Bruges in January is supposedly spectacular: off-season leaves the old town feeling quaint, with no queues of portly Americans holding up the queue to climb the tower – I just can’t resist a nod towards my most favourite scene of the movie…- and canals peacefully free from the boat traffic that overwhelms the summer months. There has even been a rumour that the old market square may still be frozen over and open for ice skating. Oh boy. As our travelling party consists of one and a half art historians – Annie is a fully-fledged art major, whereas I put a few modules under my belt in first year- , we will absolutely spend an afternoon in the Groeningemuseum, admiring the plentiful works of Flemish and Belgian art on display.
Because we are ravenous students (when aren’t we hungry?), the lure of beer and chocolate quite possibly sold the trip more than my most-rehearsed character impersonations. Not quite the post-Christmas detox, we fully intend to pack in several brewery tours and continue the holiday hangover by sampling as many of the 300-odd beer concoctions as physically possible. And because every dedicated drinker knows to line one’s stomach, ample chocolate – some may say, enough to sink a small ship – will likewise be consumed with great fervour.

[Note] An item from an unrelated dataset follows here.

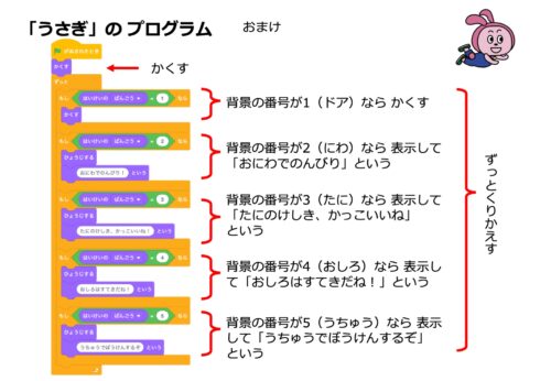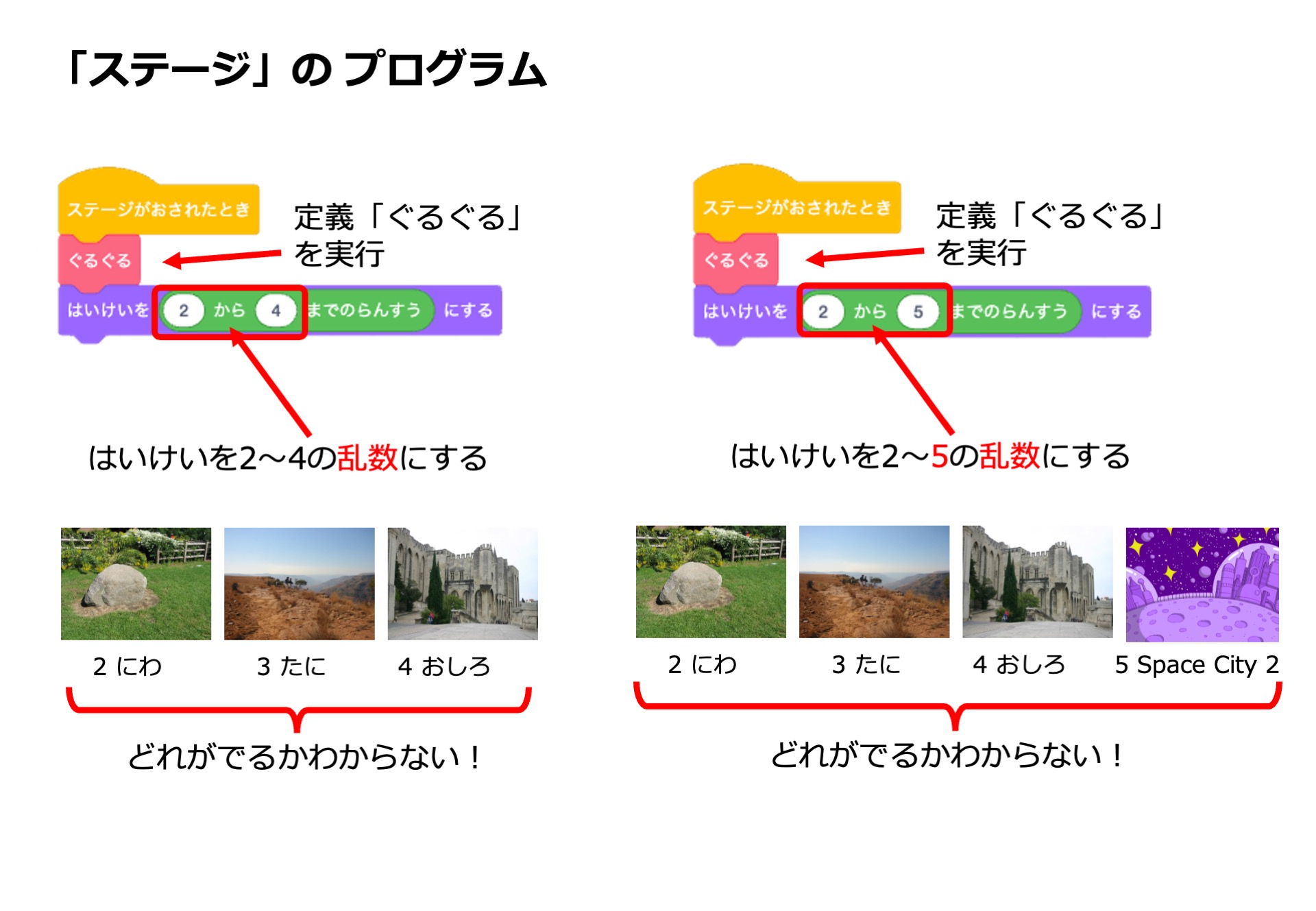 • ポイント: 背景を増やしたときは、その範囲に合わせて乱数の数字を書き換えます。この「数字を試行錯誤する」繰り返しが、乱数の自然な理解を促進します。

Packing a bag small enough to qualify under the hand-luggage allowance guidelines, yet with enough goodies to keep me fuelled for five whole days is going to be a challenge. Although tragically now too late, I had the sudden urge to make myself a ‘When in Bruges’ t-shirt (embezzled with an image of the partly-dazed Ray), and pack no other luggage. Take that low-budget airline. In my dreams I would be walking through the historic cobbled streets, warmed by the several beers over dinner, and by chance stumble upon the modest film crew of ‘Back in Bruges’. Wearing my epic fan t-shirt, how would Colin ever resist?